Musk has since deleted his recommendation but he remained in contact with one, wagging a finger at the account after it had referred to a retaliatory air strike from Israel into Gaza having created “20 martyrs murdered by Israel.”
I’m not suggesting that Musk is an anti-Semite but his site with its pay for blue ticks validation now allows for the greater spread of disinformation and hate speech. In the past few days images have been circulated of armed conflicts that came from video games. Researchers have discovered that anti-Semitic posts have doubled since Musk took over Twitter last year.
If Twitter had a utility as a site for breaking news around major events, it has ceased to be so. Disinformation runs so thick on the platform that it has become an unreliable source of news and first hand accounts.

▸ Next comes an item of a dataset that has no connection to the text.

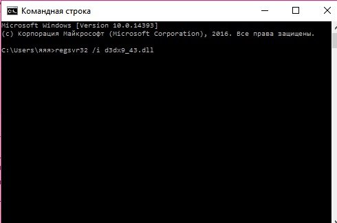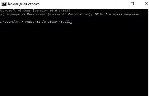 2. Введіть у вікно, що з’явилося regsvr32 /u d3dx9_43.dll, далі підтвердіть дію.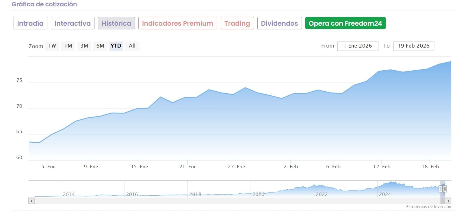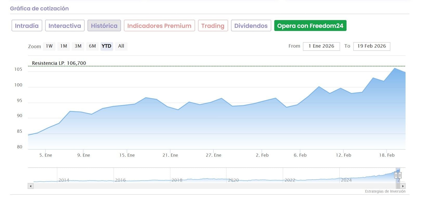 En lo que va de año gana más de un 24%, que se traduce en un 38% en tres meses y un 112% en el último año.

The axiom that the first casualty of war is truth stands. But what took place on October 7, 2023 was not war. It was not an armed conflict fought between two sides. It was the murder of hundreds of civilians, the abduction of others, seized and taken to Gaza where Hamas has threatened to broadcast their execution.
The date will now be forever etched into the litany of sorrow experienced by Jewish people in history. It sits alongside the distilled hatred seen in the pogroms in Europe over centuries and the Nazi’s final solution.
Those who think that the massacre of women and children is somehow fair play have been exposed. This was not an act of war. It was an act of terrorism.